Probiotics are defined by the World Health Organization (WHO) as “active microorganisms that, when ingested in sufficient quantities, are beneficial to the health of the host”. Probiotics stabilize the intestinal barrier and modulate intestinal immunity. Extensive research has shown that the consumption of probiotics (e.g. Lactobacillus plantarum, Lactobacillus acidophilus, and Bacillus subtilis) can alter the distribution of cellular junctional proteins, reduce the absorption of potentially cancer-causing compounds, and improve the poor prognosis of colon cancer (223–226).

lactobacilli, a probiotic used with high frequency in the treatment of diseases.

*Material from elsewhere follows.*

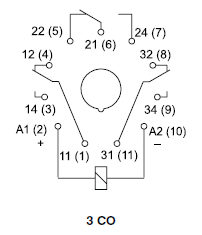 Дані контактів Кількість та тип контактів 3 CO Матеріал контактів AgNi, AgNi/Au 0,2 µm, AgNi/Au 5 µm Номінальний струм навантаження 10 A / 250 В AC, 10 A / 277 В AC UL 508 10 A / 24 В DC Максимальна комутована напруга 440 В AC Максимальна комутована потужність 2 500 ВA Максимальний комутований струм 10 A Опір контакту < 100 мΩ Дані котушки Номінальна напруга 6 ... 240 В AC 50/60 Гц 6 ... 220 В DC Номінальна споживана потужність AC: 2,8 ВA 50 Гц, 2,5 ВA 60 Гц DC: 1,5 Вт Дані ізоляції Напруга пробою між котушкою та контактами 2 500 В AC контактного зазору 1 500 В AC між струмовводами 2 000 В AC Додаткові дані Механічний ресурс > 2 x 105 10 A, 250 В AC Електричний ресурс > 2 x 107 Температура навколишнього середовища для роботи AC: -40...+55 °C DC: -40...+70 °C

Hradicka et al. found that Lactobacillus has immunomodulatory activity, remodels macrophage polarization, and reduces colon tumor tissue volume and total tumor number (227). Lactobacillus acidophilus lysate in combination with CTLA-4 helps to enhance anti-tumor immune response in colon cancer mice by decreasing Treg and M2 macrophage infiltration, and increasing the number of CD8+ T cells in the TME (228). Saccharomyces cerevisiae (S. cerevisiae) is a conventional yeast used in food products and a probiotic that maintains intestinal homeostasis. Beta-glucan, a major component of the cell wall of S. cerevisiae, inhibits colon tumor activity by suppressing intestinal ecological dysregulation and activating macrophages (229). Loigolactobacillus coryniformis NA-3 induces NO, IL-6, TNF-α, and ROS production in colonic TAMs and significantly inhibits the proliferation of colonic tumor cells (230). Notably, appropriate dosage and sufficient intestinal residence time are crucial for probiotics to exert anticancer immune effects (231). In addition, several studies have confirmed that the use of probiotics can help alleviate gastrointestinal adverse reactions such as diarrhea and nausea caused by chemotherapeutic drugs and improve patients’ treatment tolerance (231–233).

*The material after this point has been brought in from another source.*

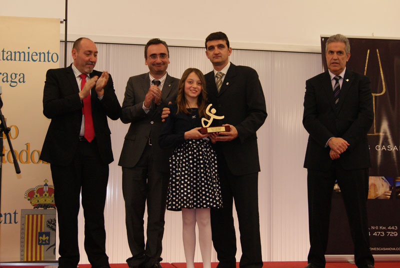 El pasado día 2 de Marzo se celebró la GALA DEL DEPORTE DE FRAGA, en la que el Colegío Santa Ana, recibió indirectamente en la figura de NOELIA HULUBAN el trofeo que concede el M.I. Ayuntamiento de Fraga a los mejores deportistas del año 2011.

Dietary intervention is an emerging strategy for disease prevention and treatment. A Western diet characterized by high intake of red meat and high fat has been shown to significantly increase the risk of colorectal cancer (234). In contrast, diets rich in dietary fiber have a protective effect on the gut, not only providing an energy source for gut microbes, but also helping to maintain gut homeostasis and barrier integrity. Compared to normal-diet colon cancer model mice, ketogenic diet induces oxidative stress within colon tumors, promotes conversion of M2 macrophages to M1-type, and downregulates MMP expression to inhibit colon tumor progression (235). In addition, some dietary intake can also alleviate colon cancer progression to some extent. Feeding a diet rich in Oleuropein-Rich Leaf Extract to colon cancer model rats abrogated the overexpression of iNOS in rat tumors and inhibited the pro-inflammatory behaviors of macrophages in rats with loaded tumors, suppressing tumor proliferation (190). 3-Hydroxybutyrate (3HB) has various utilities as an oral food supplement, such as energy supply, anti-inflammation, neuroprotection, and can be used to improve alcoholic fatty liver, osteoporosis, and Alzheimer’s disease. Li et al. found that 3HB could regulate colon TME, modulate the proportion of infiltrating macrophages, and reduce the level of MDSCs, as well as inhibit the NF-κB pathway that reduces inflammatory factor release (236). Sea cucumber, a marine animal rich in bioactive molecules, is a dietary nutrient with anti-inflammatory and antibacterial effects. Adding sea cucumber extract Frondanol A5 to the feed fed to APCmin/+mice significantly reduced the volume of colon tumors, increased the phagocytosis efficiency of mouse peritoneal macrophages, and provided prevention for intestinal tumorigenesis (237).